In a rallying speech ahead of the forthcoming by-election in Ayr, Mr McLetchie said it was time for the Tories to speak up for the ordinary people of Scotland.

He said: "We must be in the vanguard of new thinking in Scotland and be unafraid to challenge the existing, dreary consensus.

'Pact needs exposing'

"The political consensus in Scotland is interventionist and consistently supports greater government action and increased public spending.

"This is the "Lib-Lab-Nat" pact we need to expose.

"Labour and the nationalists agree on far more issues than they disagree.

"They are both cut from the same socialist cloth - both more interested in redistributing wealth than in creating it.


David McLetchie Labour and SNP have a great deal in common, says David McLetchie
"Only last Thursday at First Minister's Question Time, instead of holding the executive to account, Alex Salmond was engaged in a love-in with Donald Dewar over the proposed repeal of Section 28.

"This from the leader of a party which has the audacity to call itself an opposition.

"In truth the SNP is a pathetic apology for an opposition party."
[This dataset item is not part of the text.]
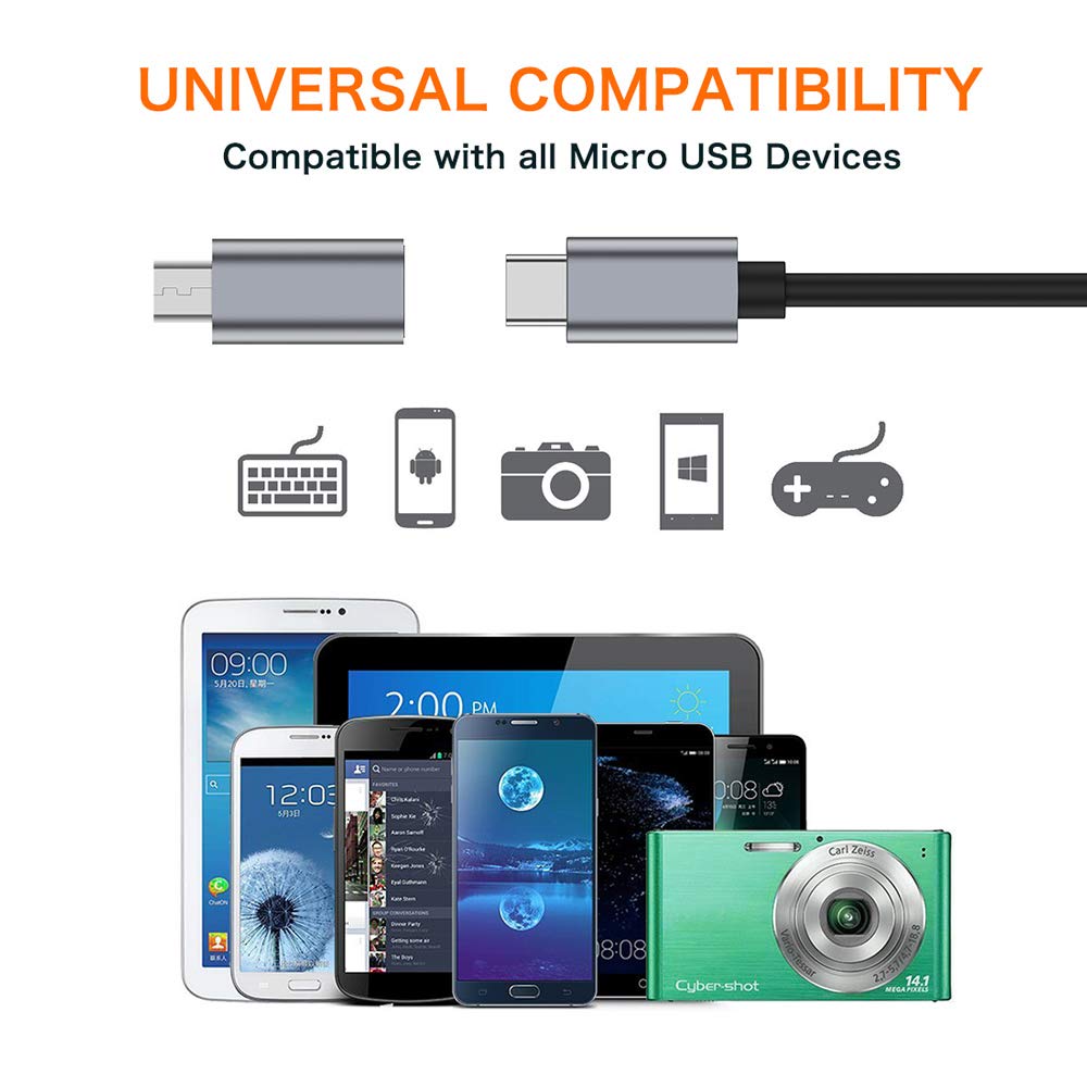 • 【Friendly Design 】Allows you charge and sync Micro USB mobile devices using a USB Type C cable, which helps reduce the number of cables that you need to carry around with you(Note: compatible with micro USB devices, not compatible with Type c devices).

He said the debate surrounding Section 28 - which deals with the guidelines issued to teachers in respect of promoting homosexuality in schools - was not the only common ground between the executive and the SNP.

Mr McLetchie added: "On Europe, transport and land reform there is a common agenda among them to scrap the pound, tax ordinary family motorists off the road and fiddle with irrelevancies such as community right to buy whilst our rural economy is in crisis."